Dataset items
┌──
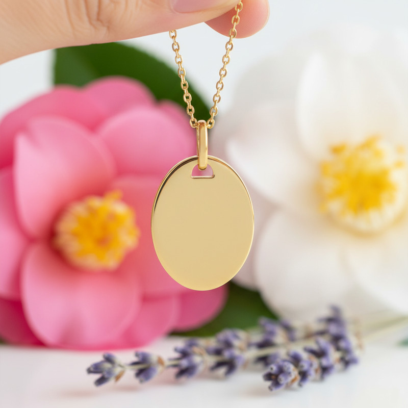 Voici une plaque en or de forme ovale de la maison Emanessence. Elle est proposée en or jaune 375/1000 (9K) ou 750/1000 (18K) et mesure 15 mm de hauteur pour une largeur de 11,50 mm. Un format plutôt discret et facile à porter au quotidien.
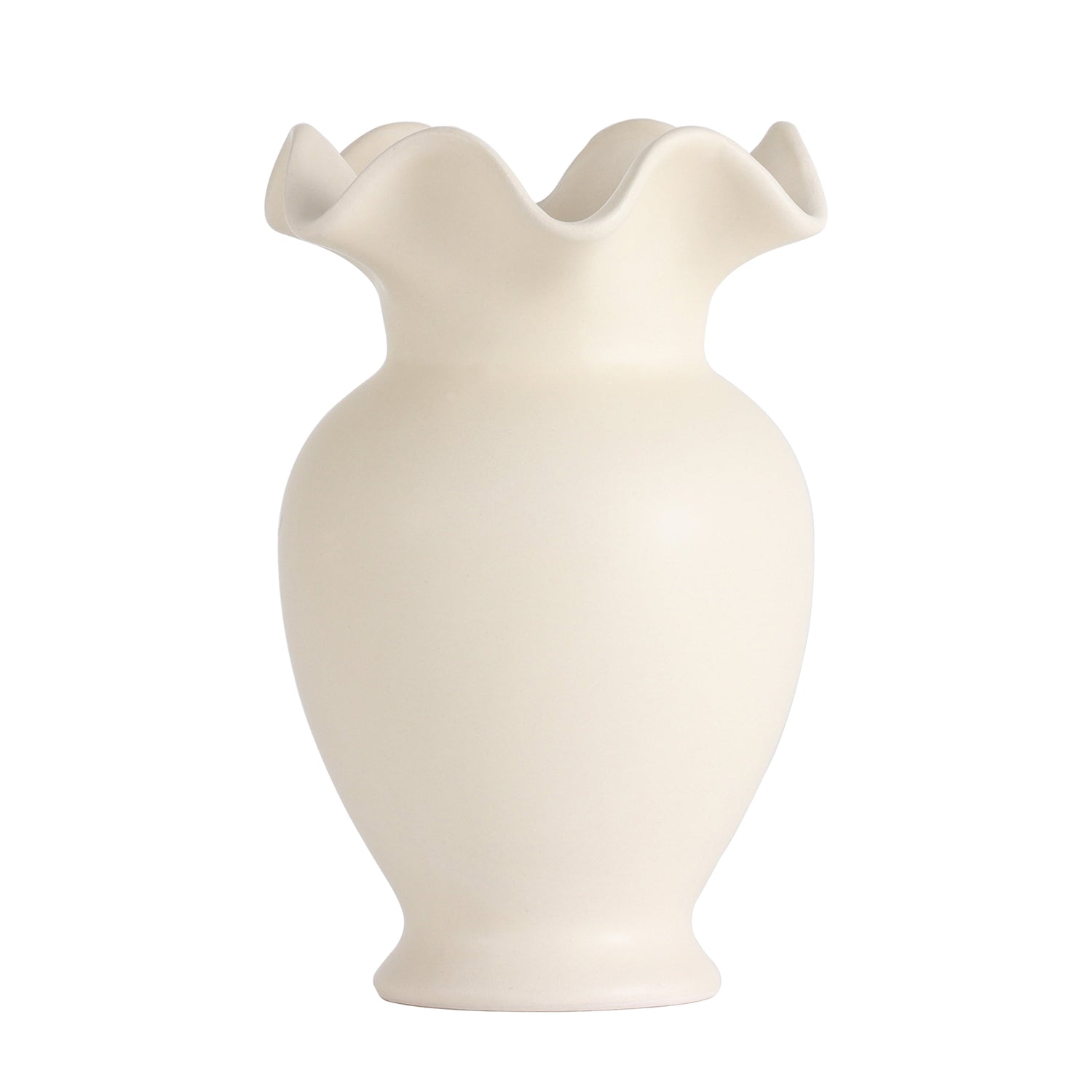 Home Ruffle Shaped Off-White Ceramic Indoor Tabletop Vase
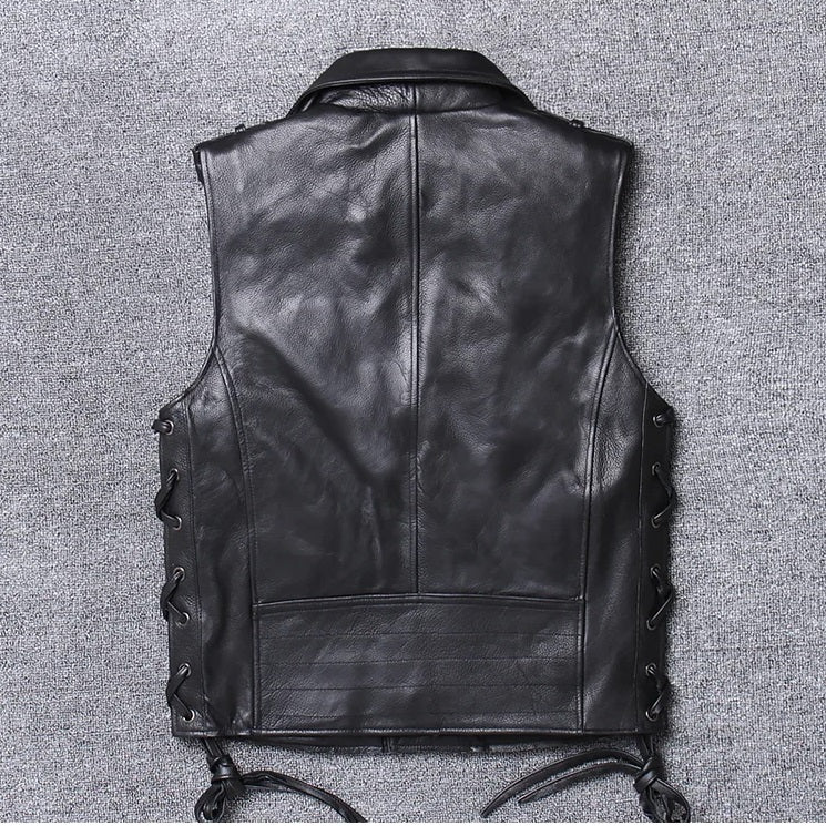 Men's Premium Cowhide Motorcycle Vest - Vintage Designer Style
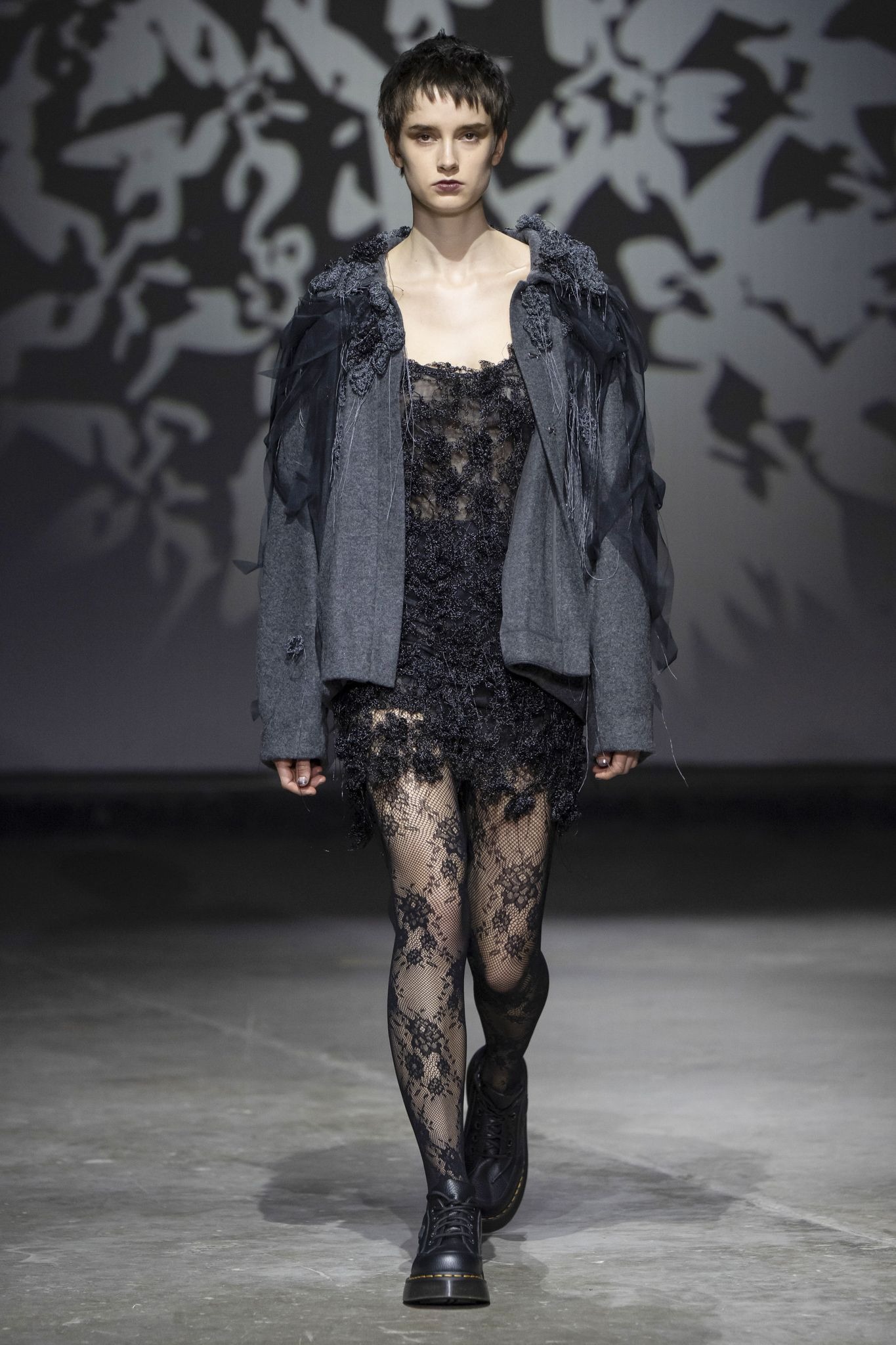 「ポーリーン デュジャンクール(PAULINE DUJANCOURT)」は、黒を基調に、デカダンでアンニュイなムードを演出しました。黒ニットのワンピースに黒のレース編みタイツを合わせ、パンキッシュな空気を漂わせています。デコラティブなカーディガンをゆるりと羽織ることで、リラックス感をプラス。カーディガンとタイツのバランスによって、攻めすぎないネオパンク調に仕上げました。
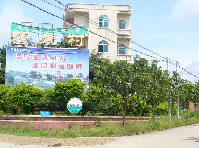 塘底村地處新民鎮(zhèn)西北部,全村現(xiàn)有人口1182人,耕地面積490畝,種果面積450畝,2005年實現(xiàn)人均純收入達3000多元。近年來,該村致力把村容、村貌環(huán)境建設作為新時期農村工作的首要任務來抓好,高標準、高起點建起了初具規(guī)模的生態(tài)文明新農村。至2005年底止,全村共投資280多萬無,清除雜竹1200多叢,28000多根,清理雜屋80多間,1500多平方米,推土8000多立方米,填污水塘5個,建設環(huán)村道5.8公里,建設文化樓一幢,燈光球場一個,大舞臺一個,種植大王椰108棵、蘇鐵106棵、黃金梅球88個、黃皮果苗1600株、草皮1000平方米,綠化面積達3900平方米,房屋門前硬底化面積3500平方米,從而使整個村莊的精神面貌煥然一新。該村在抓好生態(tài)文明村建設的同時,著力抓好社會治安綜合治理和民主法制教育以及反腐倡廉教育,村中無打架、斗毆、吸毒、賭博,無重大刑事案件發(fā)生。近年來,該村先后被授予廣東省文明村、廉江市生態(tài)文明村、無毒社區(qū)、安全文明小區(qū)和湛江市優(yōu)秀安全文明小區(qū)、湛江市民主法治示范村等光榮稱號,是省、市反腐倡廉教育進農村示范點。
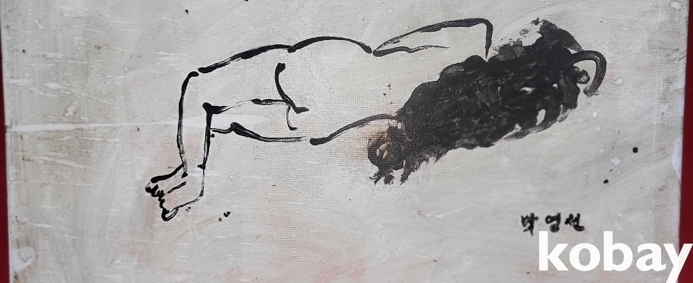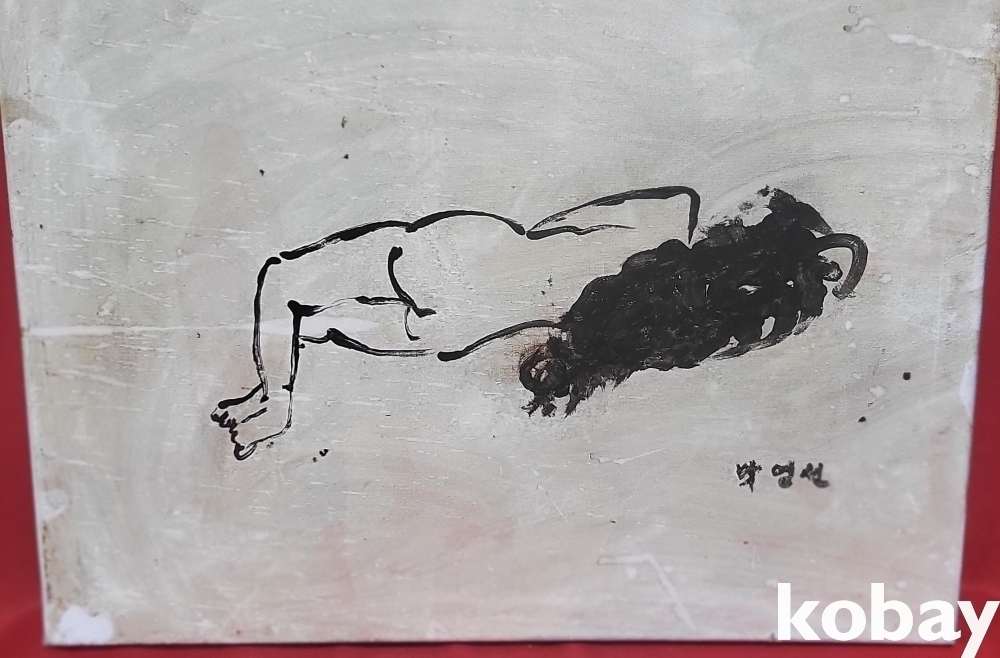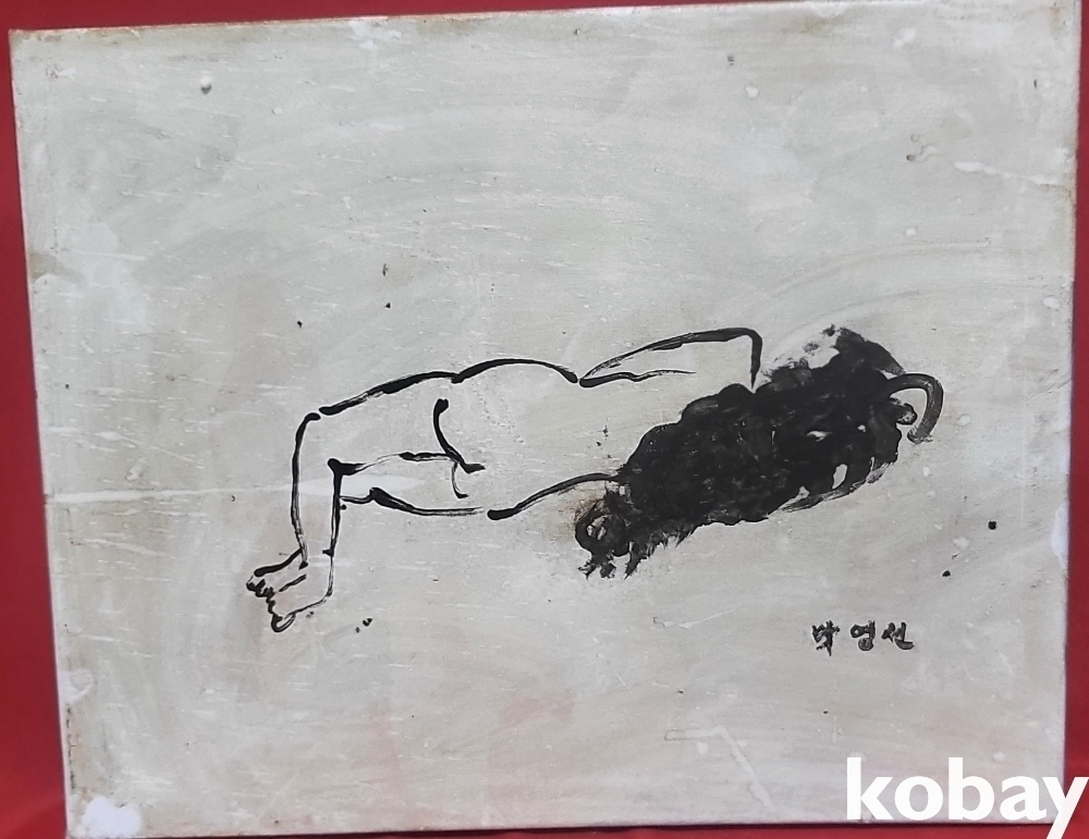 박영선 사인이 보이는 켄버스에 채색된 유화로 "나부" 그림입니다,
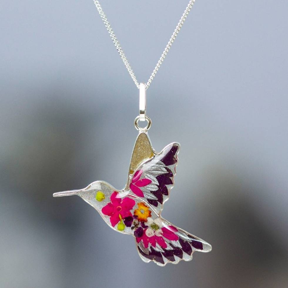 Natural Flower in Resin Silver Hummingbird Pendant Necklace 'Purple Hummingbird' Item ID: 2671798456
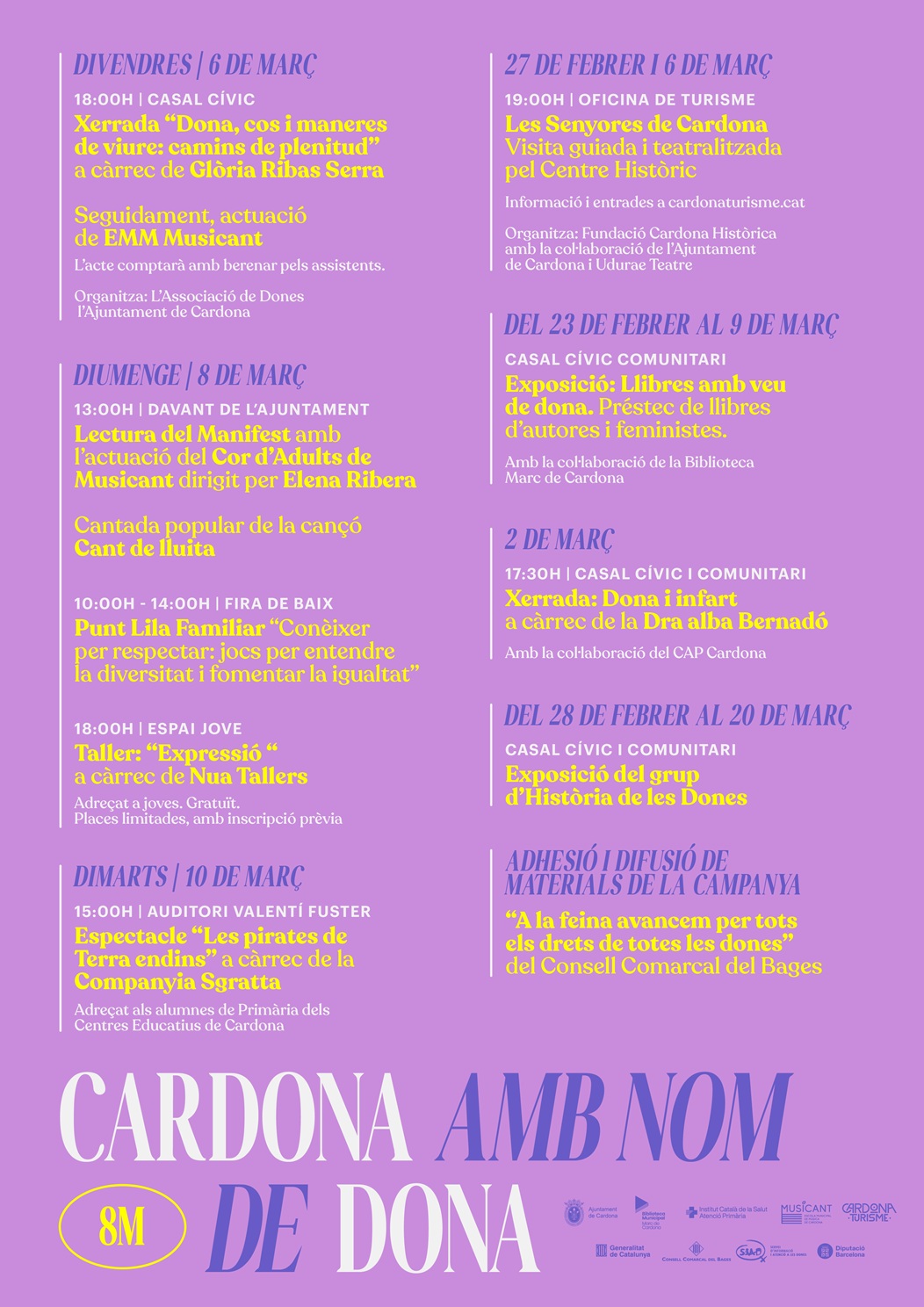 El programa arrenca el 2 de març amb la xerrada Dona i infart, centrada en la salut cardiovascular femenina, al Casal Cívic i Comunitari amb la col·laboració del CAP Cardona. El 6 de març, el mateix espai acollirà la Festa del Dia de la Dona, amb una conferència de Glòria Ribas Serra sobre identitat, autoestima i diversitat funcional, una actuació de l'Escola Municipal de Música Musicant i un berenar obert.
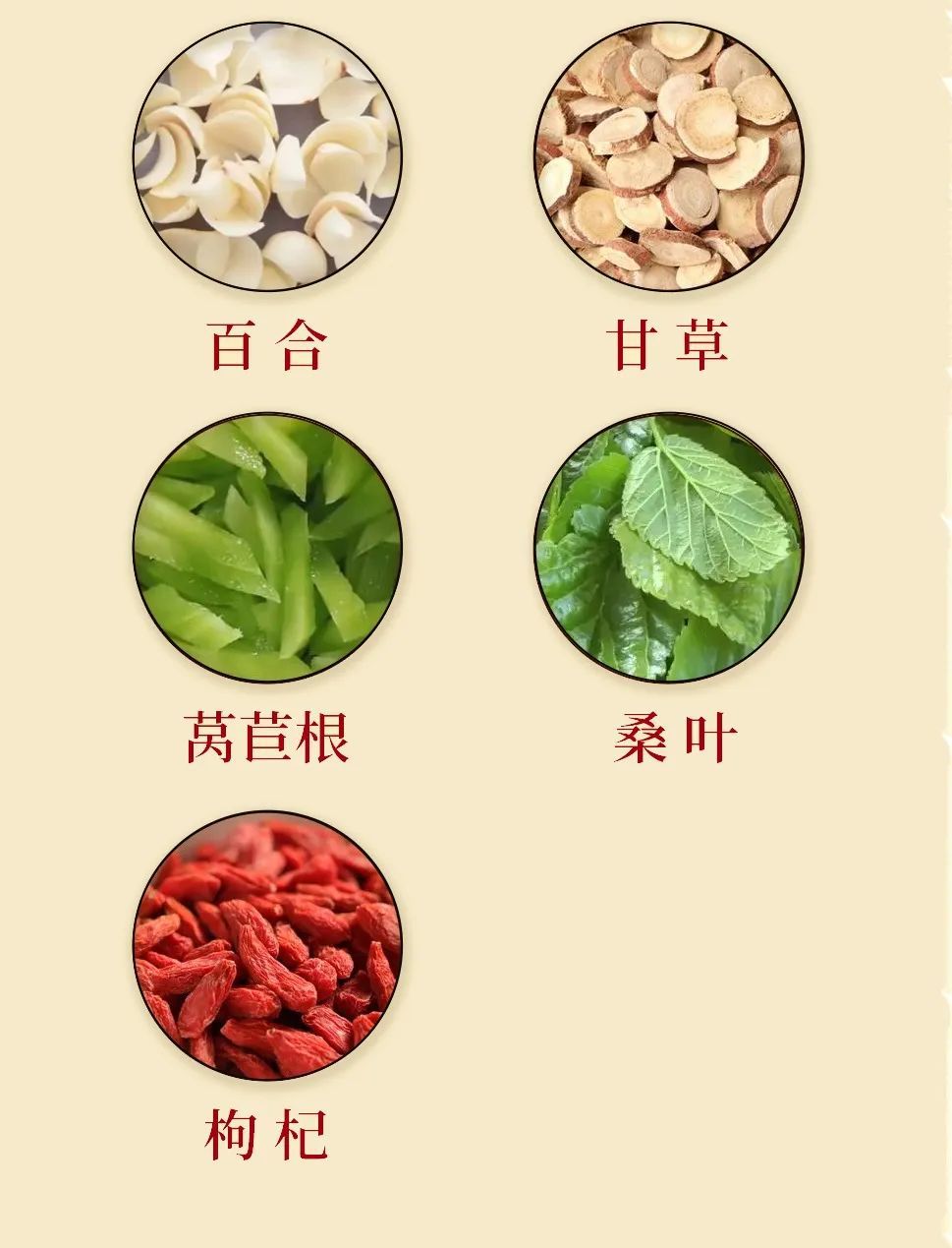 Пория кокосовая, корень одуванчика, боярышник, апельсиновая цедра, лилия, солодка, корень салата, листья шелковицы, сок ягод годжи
└──
**WORK ORDER**
Using the data above, set down each line from the line with "박영선 사인이 보이는" to the line with "Natural Flower in" exactly, both ends included, and leave the pictures behind. Nothing else belongs.

**ANSWER FOR THE TASK**
 박영선 사인이 보이는 켄버스에 채색된 유화로 "나부" 그림입니다,
 Natural Flower in Resin Silver Hummingbird Pendant Necklace 'Purple Hummingbird' Item ID: 2671798456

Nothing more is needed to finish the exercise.